Time Travel introduces the chronological context with the tidbit that Stonehenge's development covered an equivalent span of history as that between the fall of the Roman Empire and the modern day. While not as extensive as the Map, Time Travel still offers three features - a "Time Map" which designates the various sites by Neolithic, Bronze and Iron ages, a "Timeline," juxtaposing the development of Stonehenge with other monuments in the area, and "Burial Mounds," which describes the prehistoric tombs so common in the area.

In a thoughtful nod to the more practical chronological concerns of dial-up visitors, multi-media components are labelled with file sizes and estimated 56k modem download times. As it turns out, those estimates proved to be optimistic during my visit, but that's probably a result of heavy traffic so soon after the launch of the site.

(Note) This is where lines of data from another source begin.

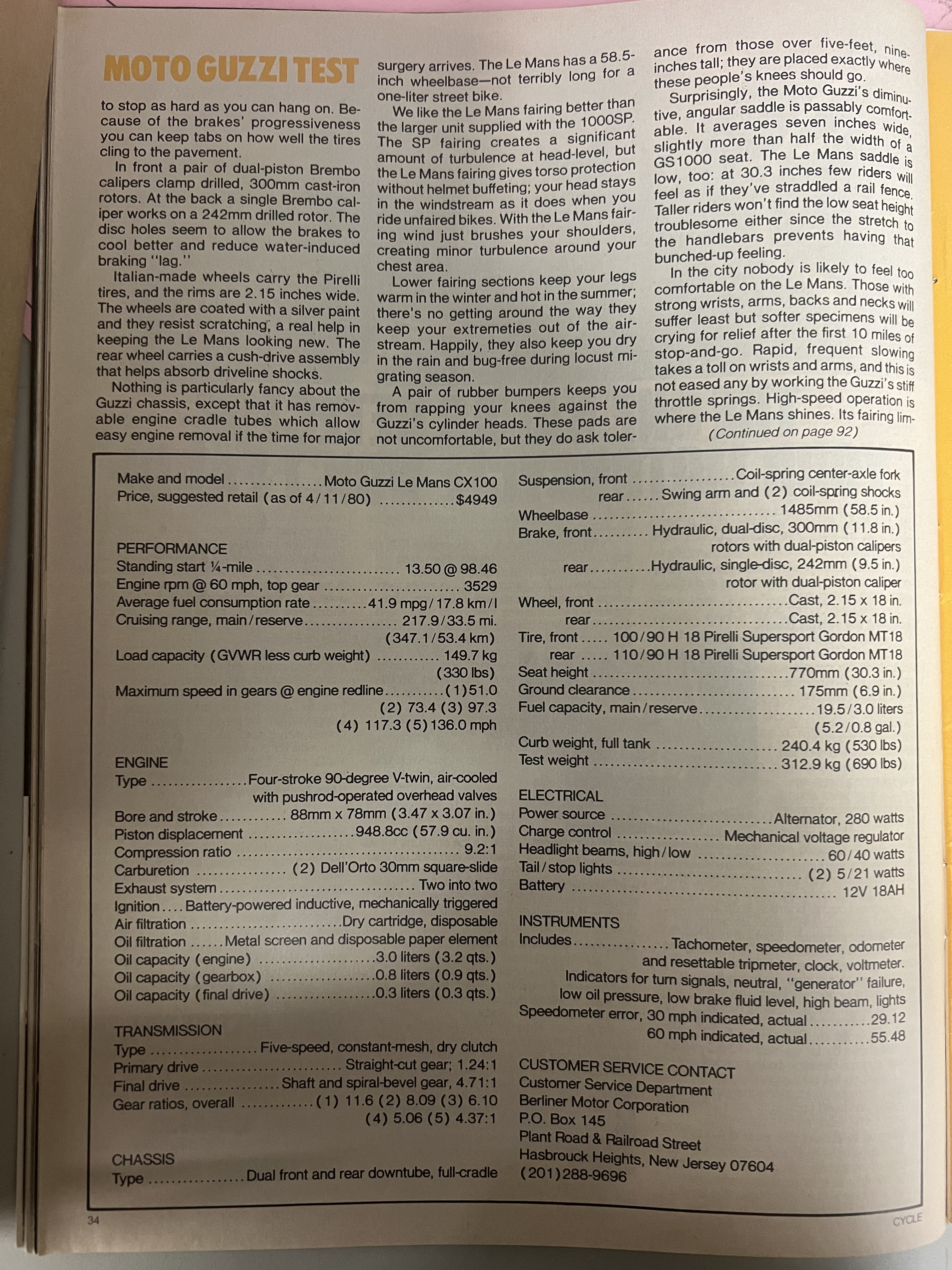 Article - Cycle () Moto Guzzi Le Mans CX100
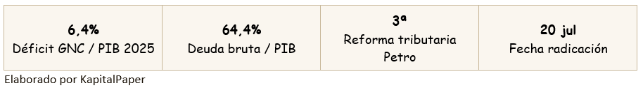 El EMBI de Colombia es el más alto de la región, el CDS a cinco años ronda los 225 puntos básicos y la caja de la Tesorería apenas cubre cinco días de pagos. Una nueva reforma tributaria en ese contexto puede interpretarse como un ajuste responsable o como evidencia de que el gobierno no tiene control sobre su gasto. El mercado, por ahora, opta por la segunda lectura.
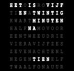 Deze klok heeft geen wijzers, maar geeft de tijd aan met lettertjes. De lettertjes vormen woorden en die geven dus de tijd aan. BEWERKEN 2016-12-04
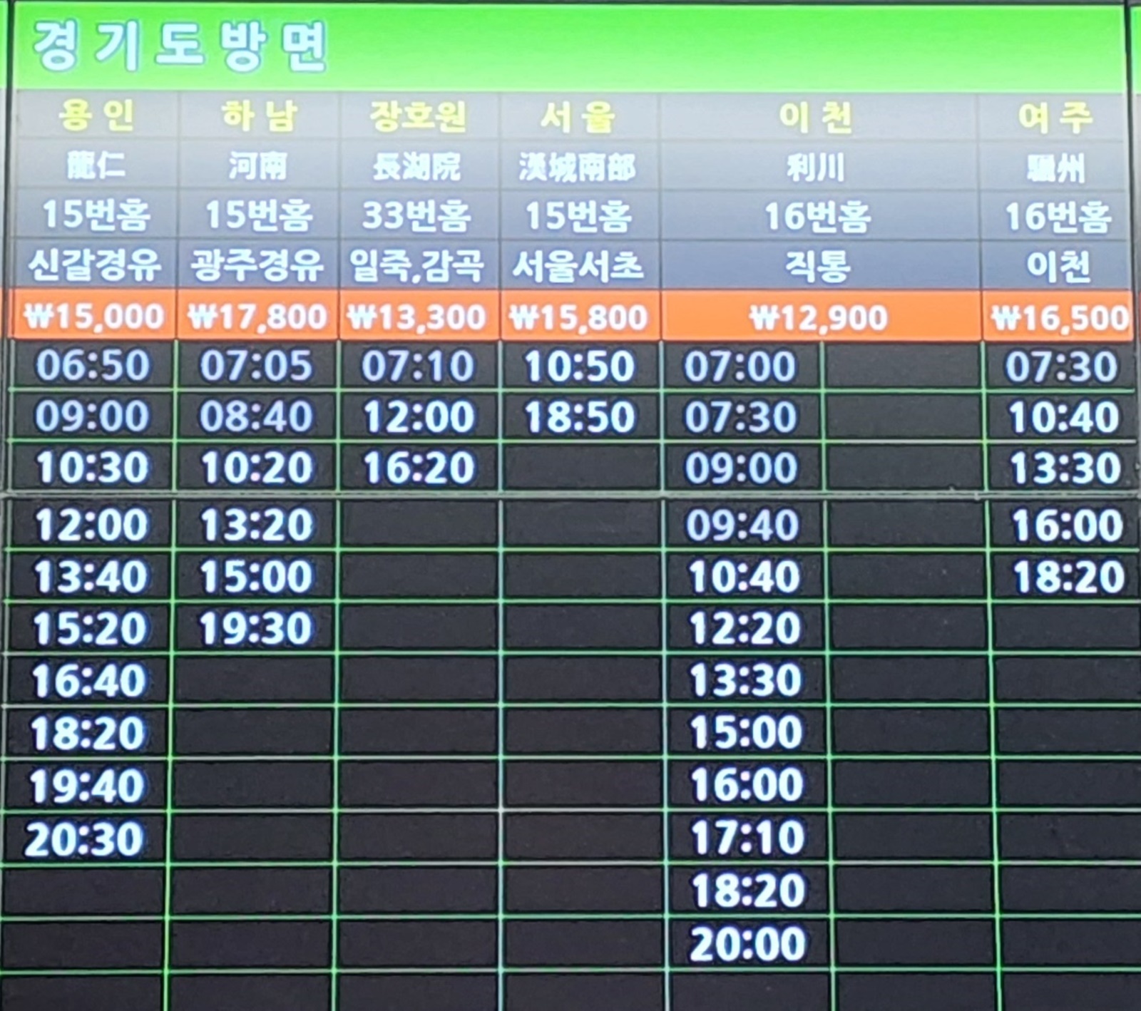 대전 출발 용인, 하남, 장호원, 서울, 이천, 여주 방면.
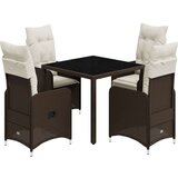 Uživajte u kavi ili razgovarajte sa svojom obitelji i prijateljima u vrtu, dvorištu ili na balkonu uz ovaj udobni bistro set! Izdržljiv materijal: PE ratan, poznat i kao poliratan, jak je sintetički materijal kojem je potrebno malo održavanja i izgleda poput prirodnog ratana. Lagan je, jednostavan za čišćenje i često se upotrebljava za vanjski namještaj zbog svoje izdržljivosti i svojstava otpornosti na vremenske uvjete.Podesivi naslon za leđa i oslonac za noge: Ova vrtna sjedalica ima ručku. Možete podesiti naslon za leđa i oslonac za noge bilo u koji položaj povlačenjem ručke i brzo ih vratiti u prvobitni položaj.Udobno sjedenje: Ovaj vanjski namještaj, zajedno s debelo podstavljenim jastucima, nudi udobno iskustvo sjedenja.Uklonjiva i periva navlaka: Ovi jastuci za sjedalo imaju uklonjive navlake za jednostavno pranje i održavanje. Jastuci za naslon imaju preklop na stražnjoj strani za jednostavno pričvršćivanje na naslon.Staklena ploča stola: Ploča vanjskog stola napravljena je od jakog i izdržljivog kaljenog stakla, što olakšava čišćenje vlažnom krpom i dodaje dašak elegancije vašem vanjskom prostoru. Dobro je znati:Kako bi vaš vanjski namještaj ostao lijep, preporučujemo da ga zaštitite vodootpornom navlakom.
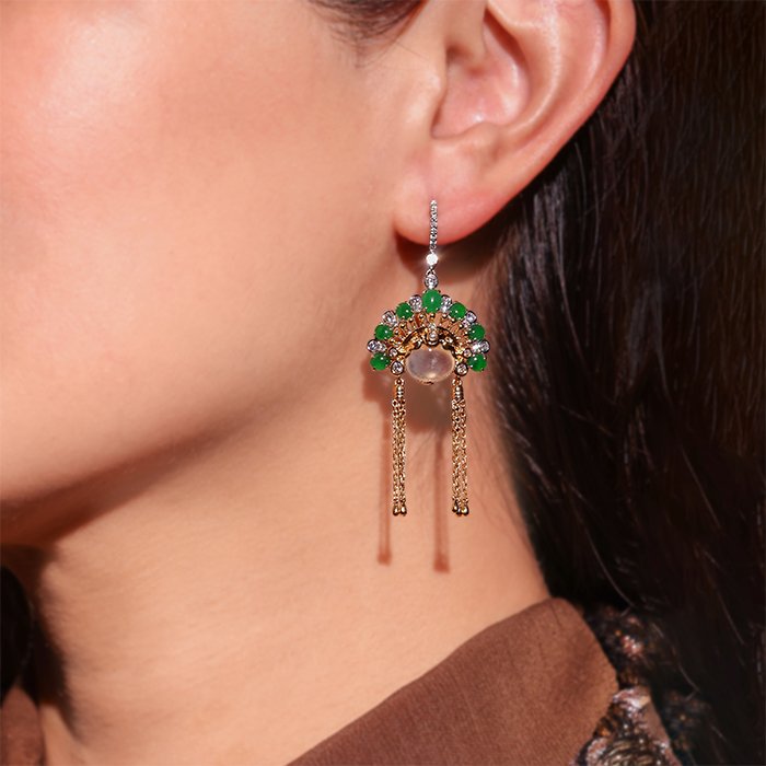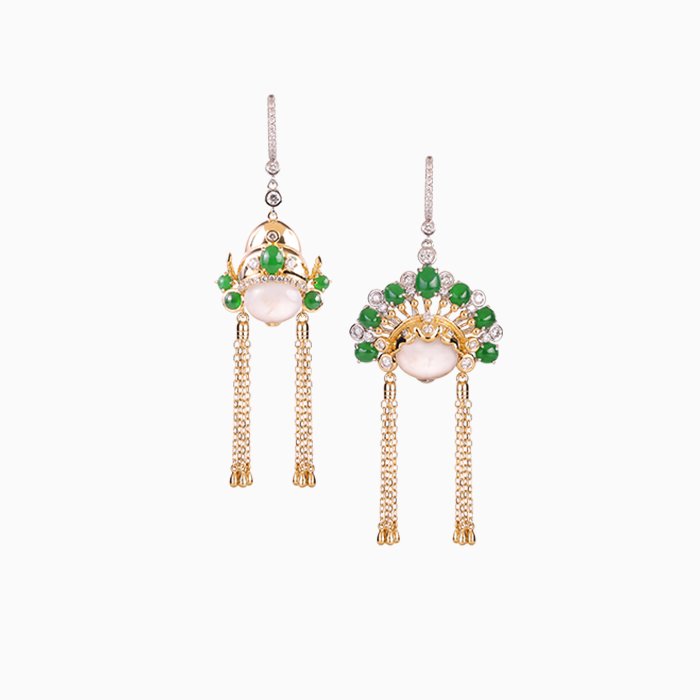 Made of 18K gold and 18K white gold, Burmese Ice Jadeite, Burmese Jadeite, and Diamond.
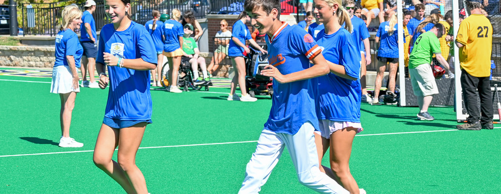 After having the opportunity to meet each other and warm up their bodies, athletes found their own teammates and huddled up. The field hockey field was split into two different games; the game on the left was for younger athletes and on the right side faced off The Poppers and The Jets vs The Tigers and The Wildcats. I was able to listen in on The Tigers pep talk and they had a great cheer before the first whistle! It definitely got their team hyped up for the game and ready to leave it all out on the field.
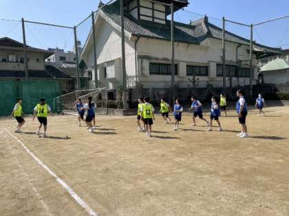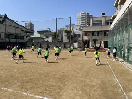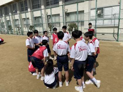 皆さん、各クラスカラーのゼッケンを身に付けて試合に挑みます。晴れてはいるものの、風があるので、フリスビーをコントロールするのが難しそう。上手く風を味方にして、ゴールを勝ち取りましょう。

Occasionally, Cascading Style Sheet instructions don't seem to have loaded in to the browser correctly and text would flow outside its defined borders, but refreshing the page would always put things right. The CSS instructions for the Timeline, on the other hand, revealed wildly different layouts between Netscape and Explorer (in both cases, badly misaligned) - and neither could be corrected despite repeated efforts.

If you're interested in learning more about the area, the future of Stonehenge, or are perhaps thinking of joining the druids during the next summer solstice, English Heritage's main Stonehenge site has more information of interest to the virtual or potential tourist, as well as FAQs and a collection of related links.

In the meantime, while you may not have been among the estimated 19,000 people on the Salisbury Plain for this year's celebrations, a visit to the Interactive Map offers the consolation of lower travel costs, fewer traffic problems, and a more complete knowledge about Stonehenge and its archeological neighbors than if you had visited in person.